Tyrant Vowing To Make North Korea ‘World’s Most Powerful’ Nuclear Nation

War games show the futility of America’s pleas for the rivals to back down.

Korean Central News Agency/Korea News Service via AP
Kim Jong-un delivers a speech at Pyongyang, September 8, 2022. Korean Central News Agency/Korea News Service via AP

North Korea’s Kim Jong-un, amid a deepening confrontation in Northeast Asia,  is insisting that his ambition is for North Korea to become “the world’s most powerful” nuclear-armed nation.

No need to take his rhetoric too seriously, but for the past two days he’s been ordering short-range missile tests off the North’s east coast, close to South Korea, in retaliation, the North’s Korean Central News Agency says, for joint American-South Korean war games.

The tests are prompting the South’s conservative president, Yoon Suk-yeol, again to cite, in a forthcoming defense ministry review, North Korea as an “enemy.” That’s a word that the South’s previous president, the liberal Moon Jae-in, excised while courting Mr. Kim for another summit on the way to reconciliation.

Intermittent  Chinese and Russian war games in Northeast Asia suggest that Mr. Kim has powerful friends. They oppose UN sanctions on his regime for the dozens of missile tests he’s ordered this year, including those of a hypersonic ICBM capable of carrying a nuke to North America.

So far it’s believed in the West that the North Koreans don’t know how to affix a warhead to the tip of a long-range missile, but there is a fear that they could fire a tactical nuclear weapon at a target in Japan or South Korea. Plus, Chinese and Russian aircraft are demonstrating the ease with which they can fly around the region.

They are able to do so just outside the territory of America’s friends. So Pyongyang can be sure that Beijing and Moscow would  rush to its defense no matter major problems elsewhere. China and Russia want to show they have all the resources they need to destroy their enemies off their far eastern and east Asian coasts.

President Xi, subduing protesters in Chinese cities, and President Putin, fighting a costly war in Ukraine, would logically have their hands full battling for prestige if not survival of their regimes. Still, they have planes to spare for war games against America’s two Northeast Asian allies, South Korea and Japan.
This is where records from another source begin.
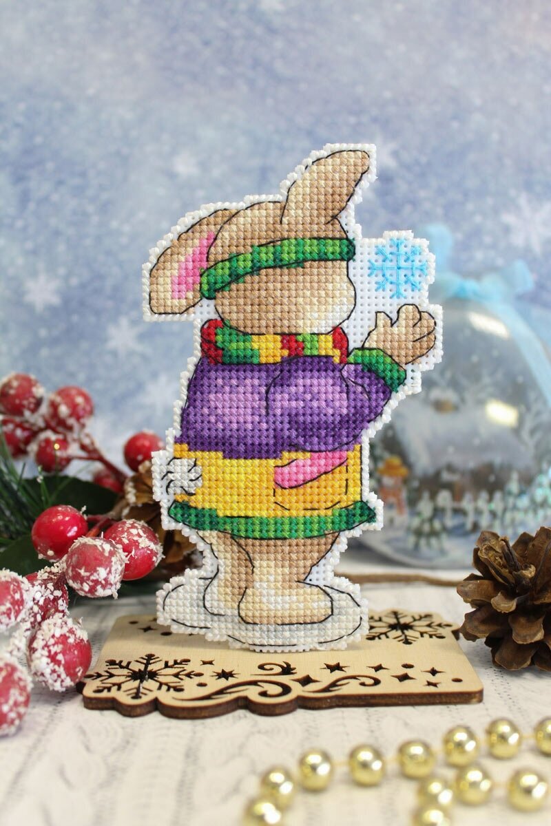 Создайте яркий вышитый сувенир Зайка со снежинкой – это увлекательно и просто, достаточно владеть техникой крест и точно следовать инструкции. Пяльцы или рамки не понадобятся – пластиковая канва отлично держит форму. Готовые элементы надо вырезать по контуру и соединить между собой аккуратными стежками. При желании между деталями игрушки можно вклеить или вшить ленту-подвес. В наборе: пластиковая канва 14 ct, хлопковое мулине ПНК им.Кирова, игла, схема, инструкция. Количество цветов: 19. Размер готового сувенира: 8х13 см.
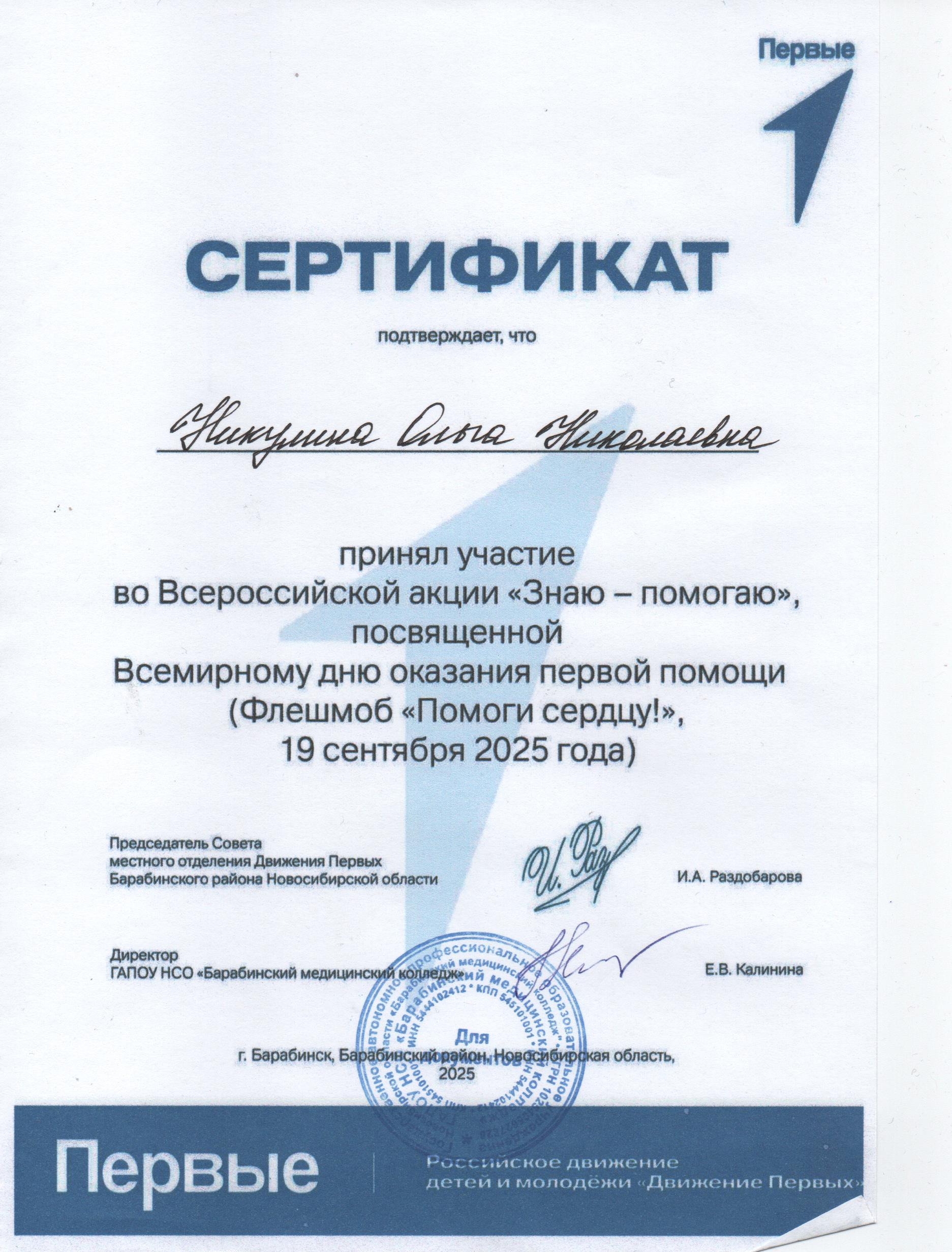 Сертификат участника Всероссийской акции "Знаю-помогаю", посвященной Всероссийскому дню оказания первой помощи (Флешмоб "Помоги сердцу!", 19 сентября 2025 года)
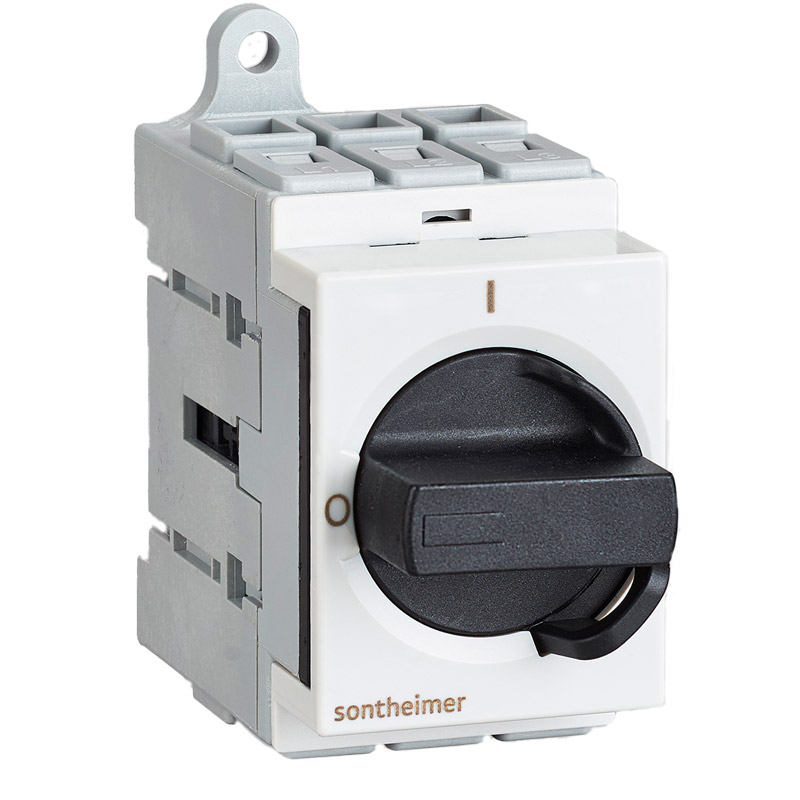 Låsbar lastfrånskiljare/huvudbrytare för normcentral. Låsbar på enkelt sätt tack vare design med ögla. 3-polig, 40A med en bredd på endast 36mm (2 moduler).
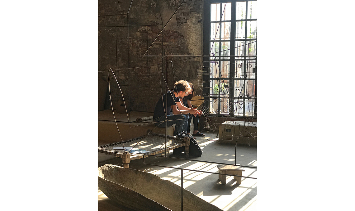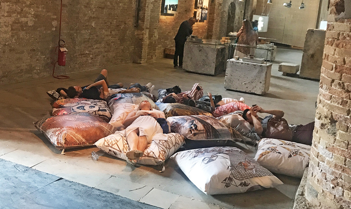 Momenti di relax: la Biennale Architettura è anche questo. Sdraiarsi in compagnia, sotto e ‘dentro’ l’opera ‘Weaving Architecture’ di Benedetta Tagliabue.
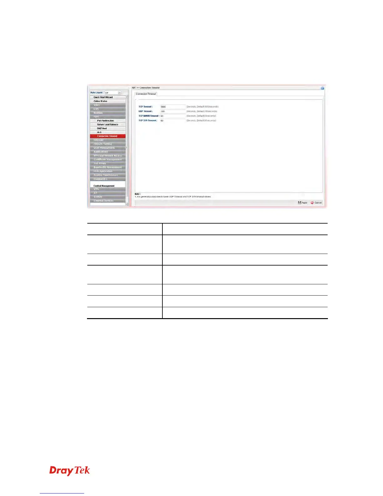 This feature is used to configure timeout setting for sessions established by TCP/UDP. When
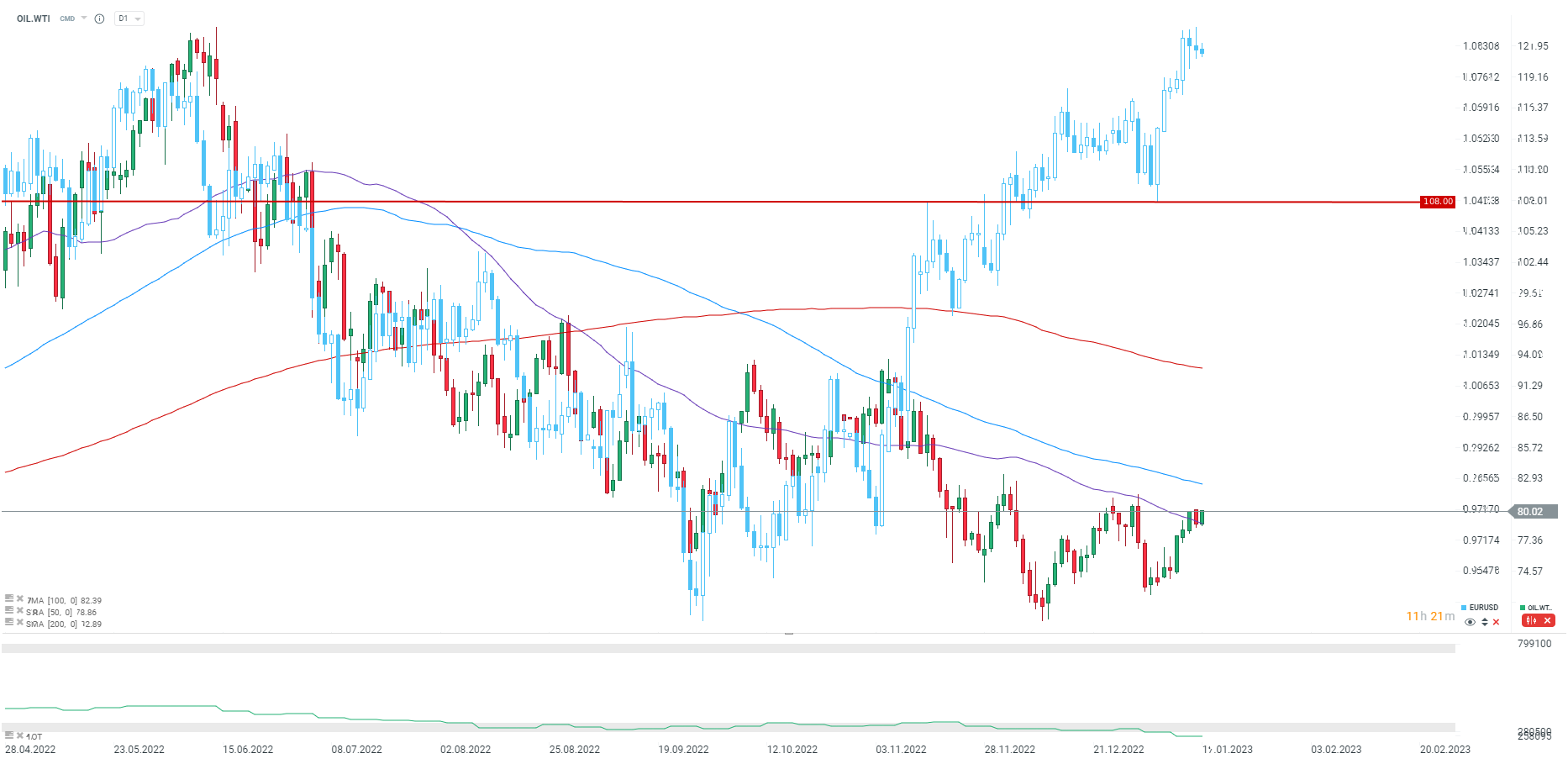 WTI (OIL.WTI) is testing $80 per barrel area, after climbing above 50-session moving average. A strong bear camp is located in the $80-82 area, what may limit crude's ability to launch a new trend. Of course, we continue to weakening of the US dollar what is a positive for countries importing oil. Source: xStation5

Not to mention China’s island province of Taiwan, which President Biden has repeatedly said we’re committed to defend. While focused elsewhere, Messrs. Xi and Putin have been collaborating on missions into the air defense identification zones of South Korea, Japan, and Taiwan.

These shows of force bring the region ever closer to conflict. All three have scrambled fighter planes while Americans in Korea and Japan stand ready to defend them. Chinese and Russian planes, in their most recent war games, have landed their big bombers on each other’s air bases in an unprecedented show of cooperation.

The war games also show the futility of American pleas for these rivals to back down from an escalating spiral of confrontation that includes the support they give to Kim Jong-un. The worst fear is that China and Russia would encourage North Korean threats of nuclear war, though the Chinese may want Mr. Kim to hold off on his seventh nuclear test — his first since September 2017.

The new American ambassador to South Korea, Philip Goldberg, has made a plainly futile plea by saying all the loose talk from both Messrs. Putin and Kim about firing tactical nuclear weapons was “irresponsible and dangerous” and calling for all sides to “rid the world of nuclear arms.” Obviously, these words are meaningless. 

The Americans have elevated the stakes with a new supersonic big bomber, the B-21, that surpasses the Russian planes in speed, maneuverability, distance, and payload. Built by Northrop-Grumman, the first new heavy-duty model produced by the Americans in 30 years, the B-21 is touted as the future “backbone” of the Air Force.

Eventually, the B-21 will be flying worldwide — in addition to the old B-1, B-2 and B-52 bombers on American bases worldwide for decades. Those old-timers occasionally fly across and around South Korea just to show what they can do, so far not while the Chinese and Russian planes are within range.